Is there a way to have craete_tarfiles.py fail if the mapping isn't correct? Shane caught this because it was a test, otherwise the cromwell completed successfully which is risky to run in production.
@chienchi please see my comment from last week.
The create_tarfiles.py is performed after binning. Ideally, the mapping between input config ID and annotation ID should be checked after files staged.
Appears to have a PR. Will move to next sprint for review.
Shane noticed that there were no bins from a run where we expected them.
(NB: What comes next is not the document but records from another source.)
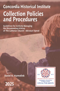 Concordia Historical Institute Collection Policies and Procedures Handbook provides an example to the various archival entities of the Synod, be they district, educational, or congregational, as to how an archive can be organized. It also provides suggested policies and procedures to govern the archives.
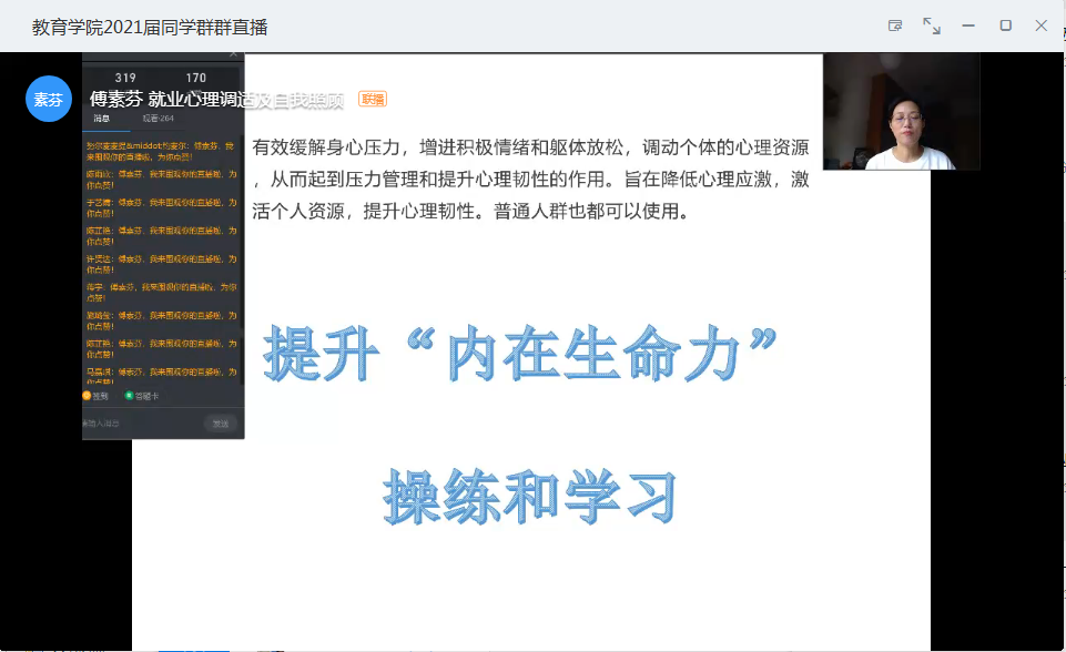 近一段时间,毕业生们面对就业中的各种压力,产生了迷茫、焦虑、急躁的情绪。学院立足同学的切实需求,为了毕业生们的身心全面健康发展,同时帮助同学们做好就业前的心理准备和自我心理照顾,于10月18日下午14时,专门邀请心理学教授、资深大学生心理健康教育专家——傅素芬老师通过钉钉在线直播为同学们做了一场题为《就业心理调适及自我照顾》的讲座。
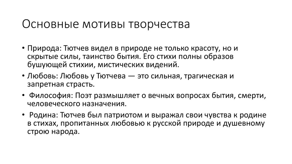 Основные мотивы творчества• Природа: Тютчев видел в природе не только красоту, но и
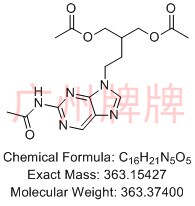 CAS No:N/A ||Chemical Formula:C16H21N5O5 ||Molecular Weight:363.37400||Exact Mass:363.15427||2-(2-(2-acetamido-9H-purin-9-yl)ethyl)propane-1,3-diyl diacetate
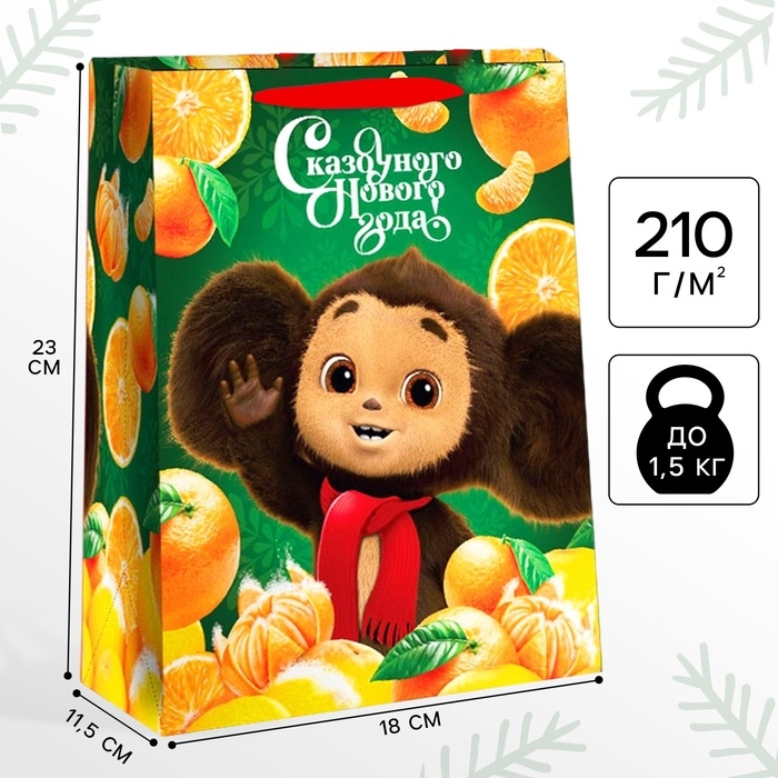 Новый год. Пакет подарочный, 18х23х11.5 см, упаковка, Чебурашка
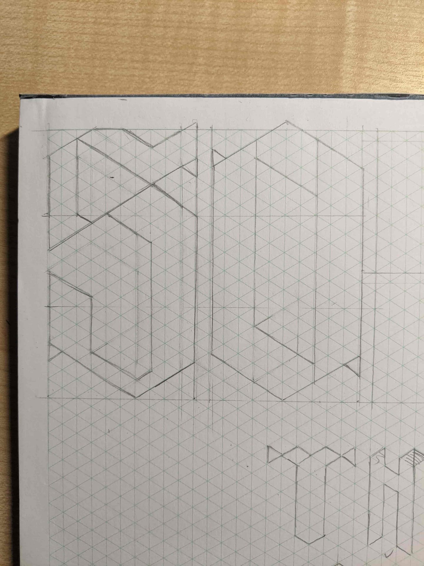 The type needed to reflect elements on the poster and isometric grid. When I was playing around with drafting styles I found they naturally took on a gothic aesthetic when using this grid.
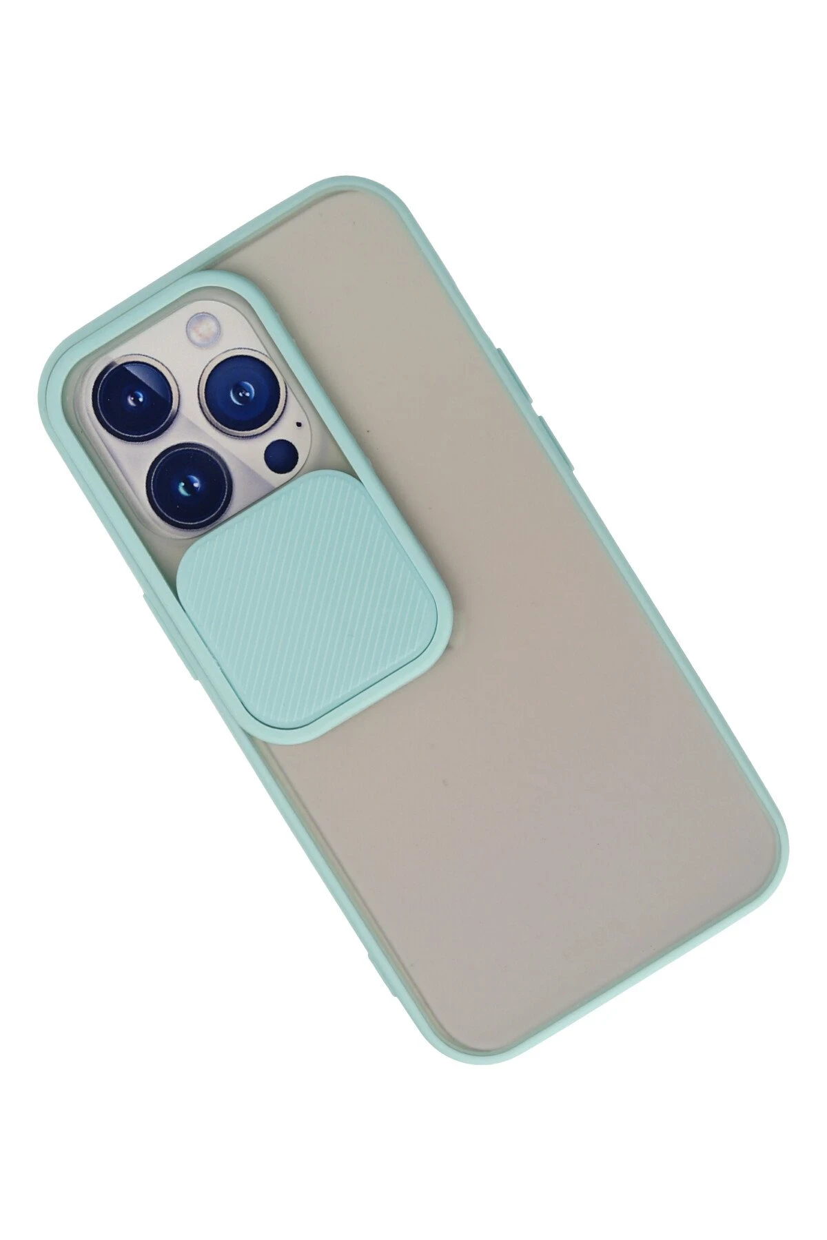 Newface iPhone 13 Pro Kılıf Palm Buzlu Kamera Sürgülü Silikon - Turkuaz

In debugging the run, /pscratch/sd/n/nmdcda/cromwell-executions/nmdc_mags/29628c3e-8850-4210-927a-1d4258fa35d1/, it appears the root cause is in call-package, a test with GOLD identifiers worked on April 15, after the lastest change to the image version on April 1st so I suspect the issue is with nmdc style headers.